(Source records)
┄┄┄┄┄┄┄┄┄┄┄┄┄┄┄┄┄┄┄┄

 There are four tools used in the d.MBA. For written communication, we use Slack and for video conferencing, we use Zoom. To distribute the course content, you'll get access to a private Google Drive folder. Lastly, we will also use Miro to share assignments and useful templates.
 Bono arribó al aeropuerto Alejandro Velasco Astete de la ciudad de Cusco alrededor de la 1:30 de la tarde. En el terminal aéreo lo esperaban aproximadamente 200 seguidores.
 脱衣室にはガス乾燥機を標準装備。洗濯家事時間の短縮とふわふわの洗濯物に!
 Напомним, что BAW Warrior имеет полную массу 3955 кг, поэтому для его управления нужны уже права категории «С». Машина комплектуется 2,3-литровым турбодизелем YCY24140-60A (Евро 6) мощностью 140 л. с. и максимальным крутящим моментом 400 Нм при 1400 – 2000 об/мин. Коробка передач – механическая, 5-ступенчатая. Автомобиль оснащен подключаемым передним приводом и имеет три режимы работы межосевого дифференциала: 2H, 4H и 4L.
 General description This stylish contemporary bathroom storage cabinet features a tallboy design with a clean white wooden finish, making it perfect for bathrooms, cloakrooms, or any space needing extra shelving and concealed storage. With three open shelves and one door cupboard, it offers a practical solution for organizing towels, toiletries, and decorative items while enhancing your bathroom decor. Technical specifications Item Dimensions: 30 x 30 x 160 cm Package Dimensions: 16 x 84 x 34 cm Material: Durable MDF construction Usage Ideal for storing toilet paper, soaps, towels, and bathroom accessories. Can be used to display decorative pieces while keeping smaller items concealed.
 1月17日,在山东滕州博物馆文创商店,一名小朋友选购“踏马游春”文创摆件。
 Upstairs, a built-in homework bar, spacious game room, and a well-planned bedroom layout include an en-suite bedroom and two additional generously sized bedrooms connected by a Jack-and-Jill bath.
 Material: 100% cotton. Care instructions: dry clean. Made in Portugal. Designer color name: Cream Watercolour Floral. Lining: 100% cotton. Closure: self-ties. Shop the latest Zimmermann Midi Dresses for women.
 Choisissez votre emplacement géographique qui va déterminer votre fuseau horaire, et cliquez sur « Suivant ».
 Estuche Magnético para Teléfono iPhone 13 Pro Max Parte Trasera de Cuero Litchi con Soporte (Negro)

┄┄┄┄┄┄┄┄┄┄┄┄┄┄┄┄┄┄┄┄

■ Work required ■
Search the entries for the string "Material". Copy every line that has it.

■ Output for this task ■
 General description This stylish contemporary bathroom storage cabinet features a tallboy design with a clean white wooden finish, making it perfect for bathrooms, cloakrooms, or any space needing extra shelving and concealed storage. With three open shelves and one door cupboard, it offers a practical solution for organizing towels, toiletries, and decorative items while enhancing your bathroom decor. Technical specifications Item Dimensions: 30 x 30 x 160 cm Package Dimensions: 16 x 84 x 34 cm Material: Durable MDF construction Usage Ideal for storing toilet paper, soaps, towels, and bathroom accessories. Can be used to display decorative pieces while keeping smaller items concealed.
 Material: 100% cotton. Care instructions: dry clean. Made in Portugal. Designer color name: Cream Watercolour Floral. Lining: 100% cotton. Closure: self-ties. Shop the latest Zimmermann Midi Dresses for women.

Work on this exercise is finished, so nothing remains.